What does it give you?

With email and SMS alerts it assures you that you are the first person to know about your website failure. You could react before any of your users/customers would contact you and complain. Or just leave your site and browse to your competitor.
If you run multiple pages it may be wise to use a RSS feed for notifications and watch it together with your other news channels.
Having the history of failures in your user panel is another benefit. You could use it to verify the quality of your hosting service. If you have an SLA (Service Level Agreement) signed, it can back up your claim of the refund in case the agreed availability level is not sustained.

How does it work?

A serious provider of website monitoring services uses at least 3 servers located in different data centers. One of the servers is continuously checking your website – by loading it just like a real user would – with his Internet browser. The service is really useful when the checks are performed every minute – please not that not all the providers offer that and some of them charge more for that option. 5, 10 or 30 minute period monitoring is useless. What good it gives you when you are informed about the failure 20 minutes later?
Back to the testing procedure. When only one monitoring station reports that it cannot load the page – it’s not enough. There can be some interconnection breakdown or a whole data center failure (yes it does happen). To confirm the monitored website failure, at least 2 other servers need to confirm the loss of access to it. Then come the alerts.

How much does it cost?

Yearly fees vary incredibly among the Internet. Starting from $59 and ending with more than $5000 (some providers charge a lot for 1 minute monitoring option). Several services can be paid on a monthly basis, but – of course – paying for a year in advance is cheaper.
The telecommunications costs (SMSes) are not a big deal. But again – one provider would give you 30 SMSes within the basic package, other 200 and another one nothing.

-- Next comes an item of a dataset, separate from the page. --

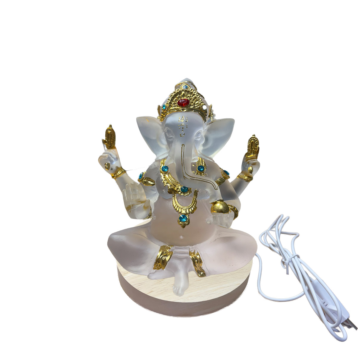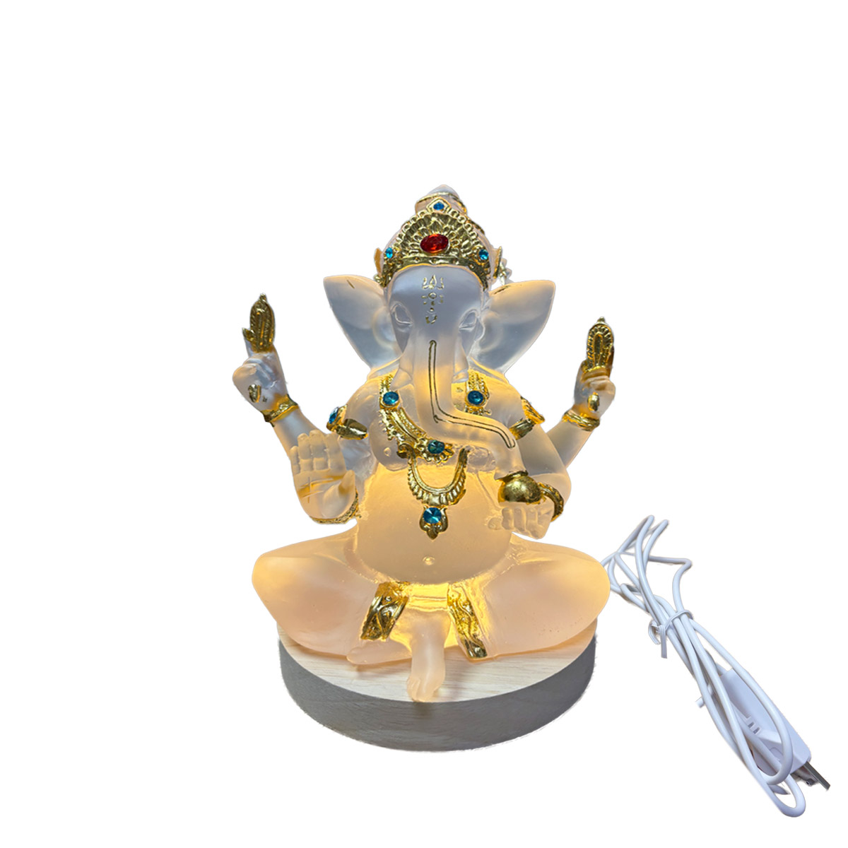 Contiene: 1 figura de Ganesh, Base y cable con interruptor y salida usb .

If you expect many failures, you should consider this cost as well.


Most of website availability monitoring providers offer a free trial period for their services. You could register an account, start monitoring your website and then – after usually two weeks – decide whether you’d like to purchase the service or not.
You could type “website monitoring” in Google to receive tens of results. Here are 20 links just to save some of your time. Alphabetical order.

Advanced monitoring

There are also services offering very advanced services – monitoring not only the website itself (if it’s available) but also specific processes within it. This is the option for complicated on-line business applications, when one single feature being unavailable means a significant loss to its operator.


If you really care about your users – or I should rather say – you are aware how much visitors/registrations/customers/money you loose when your website is down, you should definitely consider ordering a website availability monitoring service.